### To do
Copy the lines below exactly, starting at the one with "伴随着内存和存储产品的供应紧" and ending at the one with "طرح عطاء لبيع", and leave out any picture.

Start of Data shown

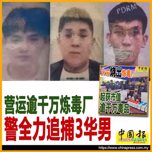 (古來24日訊)警方目前通緝3名本地華裔男子,協助調查一起涉及1952年危險毒品法令第39B條文的案件。
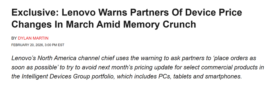 伴随着内存和存储产品的供应紧张以及价格飙升,部分存货充足的大厂也逐渐陷入考验。联想现已向全球渠道合作伙伴发出通知,表示因为全球内存芯片持续短缺,预计将于2026年3月上调部分商用PC及服务器产品价格。联想北美渠道负责人韦德·麦克法兰德在2月2日的信函中透露,此次调价涉及智能设备事业部(IDG)和基础设施解决方案事业部(ISG)的特定产品及配置,具体细节将后续同步。
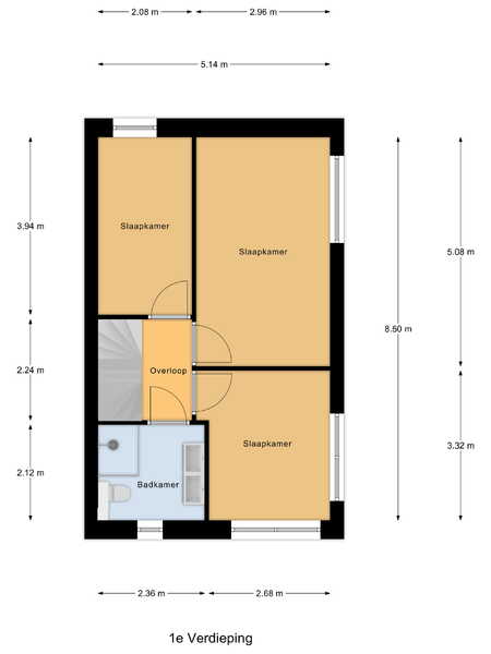 Via de vaste trap bereik je de overloop van de eerste verdieping. Hier treffen we een drietal ruime slaapkamers en de eerste moderne badkamer. De slaapkamers zijn respectievelijk 15, 9 en 8 m2 groot. De badkamer is uitgerust met een dubbele wastafel met wastafelmeubel, twee moderne mengkranen en een grote spiegel erboven met zowel een ingebouwde klok als verlichting. Daarnaast is er een grote inloopdouche, designradiator en een tweede toilet aanwezig. Een erg fijne, ruimtelijke badkamer.
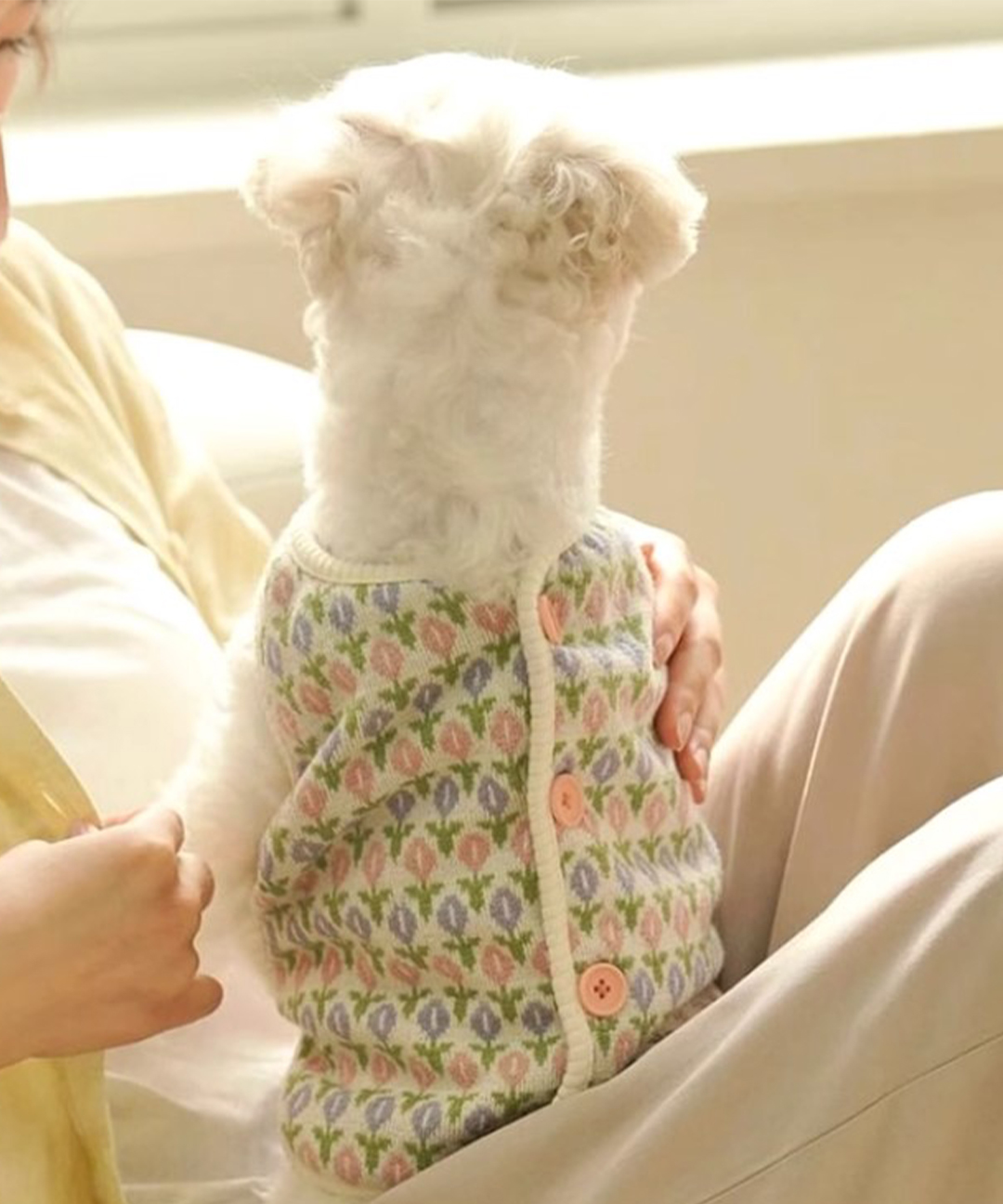 [3+1] [+사은품(삑삑이장난감)/주소지당1개] 강아지 꽃무늬 베스트 / 가을겨울 간절기 니트 조끼 고양이 실내복 외출복 산책룩 등원룩 애견옷 귀여운 아기강아지 수면조끼
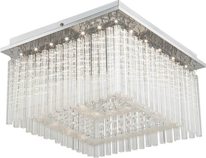 Diese auffällige, quadratische Deckenlampe, aus der Serie Joyce, zeichnet sich durch ihr stilvolles Design, sowie durch ihre hochwertige Verarbeitung aus. Diese Lampe ist mit Chrom überzogen und besitzt klare Glasstäbe, sowie klare Glaskristalle, die einen glamourösen Akzent setzen. Des Weiteren hat sie eine Größe von 36 cm, ein 1860 Lumen starkes LED-Leuchtmittel und strahlt in einer Lichtfarbe von 4000 Kelvin.
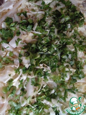 Капусту нашинковать, посолить и перемешать с оставшееся сметаной. Выложить на морковь, а сверху порезать зелень.
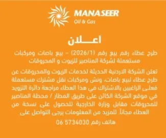 طرح عطاء لبيع باصات ومركبات مستعملة لشركة المناصير
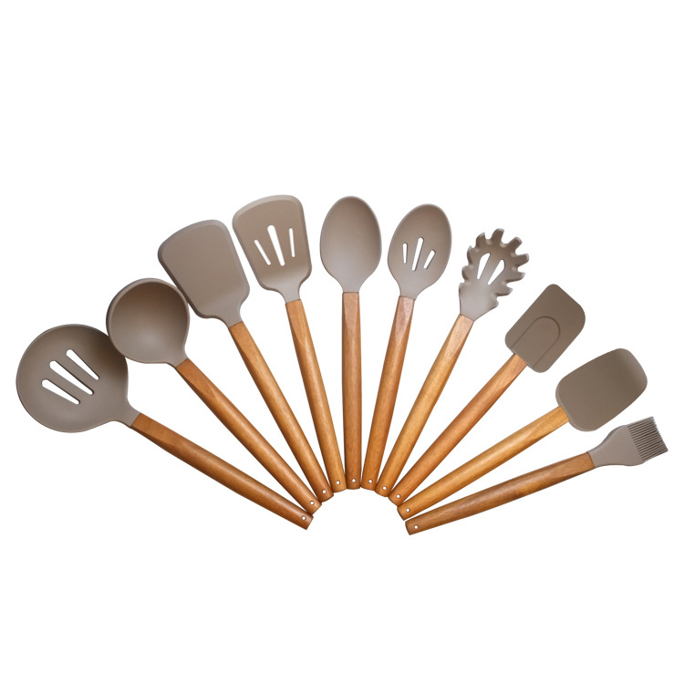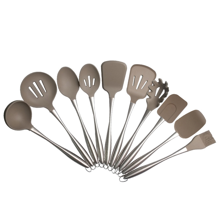 국경 간 실리콘 삽 10 조각 세트 스테인레스 스틸 핸들 실리콘 주방 용품 세트 아마존 요리 도구 낚시 울타리 숟가락 삽스토어 가기
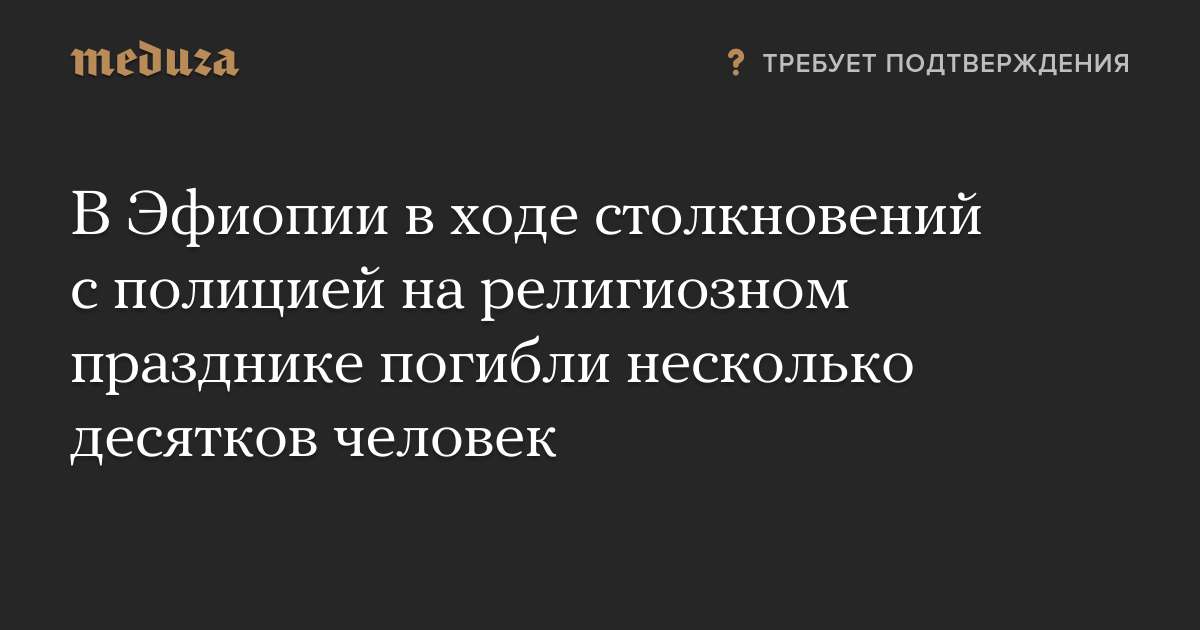 В эфиопском городе Дэбрэ-Зэйт в ходе столкновений с полицией, начавшихся во время религиозного праздника, погибли несколько десятков человек. Причиной смерти людей, по словам очевидцев, стала давка.
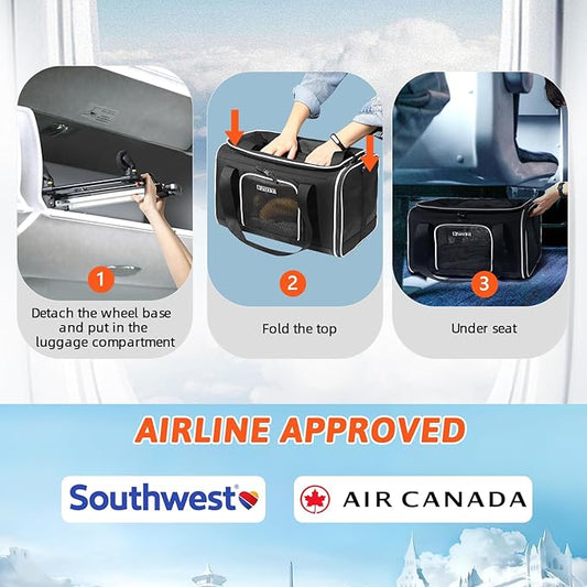 Petskd Top-Expandable Pet Carrier with Wheels 18x13x9.5 Inches Southwest Airline Approved, Soft-Sided Carrier for Small Cats Dogs with Locking Safety Zippers and Anti-Scratch Mesh(Black)
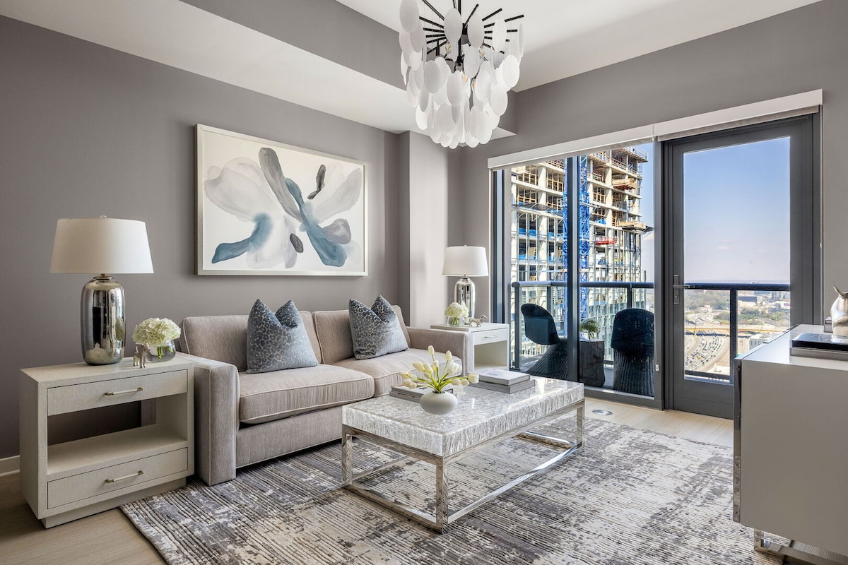 Welcome to Midtow Mystique by ALR. This one-bedroom 880 sq ft.haven is located on the 25th floor in the heart of Midtown. This space boasts sophistication, a greyscale aesthetic, custom furnishings, sweeping views of the city and so much more! The waterfall island, custom chandelier, fully equipped kitchen and top-of-the-line appliances are meet with a living space that exudes timeless charm, where luxury intertwines with allure. Parking $24/day Pets $150 Age 25+
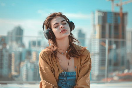 Woman wearing headphones and relaxing on rooftop
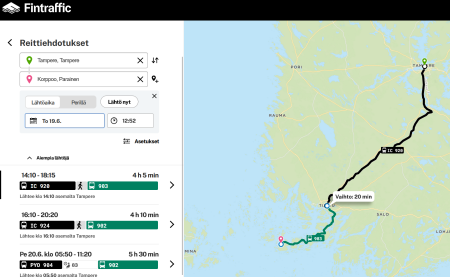 Lue lisää palvelun mahdollisuuksista täältä: Fintraffic Matka -reittiopas | Fintraffic
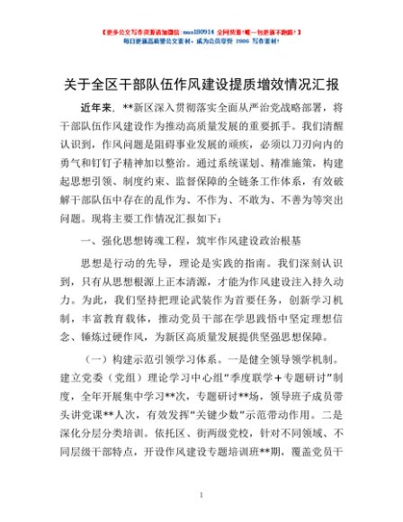 / 关于全区干部队伍作风建设提质增效情况汇报

End of Data shown

### Solved problem
 伴随着内存和存储产品的供应紧张以及价格飙升,部分存货充足的大厂也逐渐陷入考验。联想现已向全球渠道合作伙伴发出通知,表示因为全球内存芯片持续短缺,预计将于2026年3月上调部分商用PC及服务器产品价格。联想北美渠道负责人韦德·麦克法兰德在2月2日的信函中透露,此次调价涉及智能设备事业部(IDG)和基础设施解决方案事业部(ISG)的特定产品及配置,具体细节将后续同步。
 Via de vaste trap bereik je de overloop van de eerste verdieping. Hier treffen we een drietal ruime slaapkamers en de eerste moderne badkamer. De slaapkamers zijn respectievelijk 15, 9 en 8 m2 groot. De badkamer is uitgerust met een dubbele wastafel met wastafelmeubel, twee moderne mengkranen en een grote spiegel erboven met zowel een ingebouwde klok als verlichting. Daarnaast is er een grote inloopdouche, designradiator en een tweede toilet aanwezig. Een erg fijne, ruimtelijke badkamer.
 [3+1] [+사은품(삑삑이장난감)/주소지당1개] 강아지 꽃무늬 베스트 / 가을겨울 간절기 니트 조끼 고양이 실내복 외출복 산책룩 등원룩 애견옷 귀여운 아기강아지 수면조끼
 Diese auffällige, quadratische Deckenlampe, aus der Serie Joyce, zeichnet sich durch ihr stilvolles Design, sowie durch ihre hochwertige Verarbeitung aus. Diese Lampe ist mit Chrom überzogen und besitzt klare Glasstäbe, sowie klare Glaskristalle, die einen glamourösen Akzent setzen. Des Weiteren hat sie eine Größe von 36 cm, ein 1860 Lumen starkes LED-Leuchtmittel und strahlt in einer Lichtfarbe von 4000 Kelvin.
 Капусту нашинковать, посолить и перемешать с оставшееся сметаной. Выложить на морковь, а сверху порезать зелень.
 طرح عطاء لبيع باصات ومركبات مستعملة لشركة المناصير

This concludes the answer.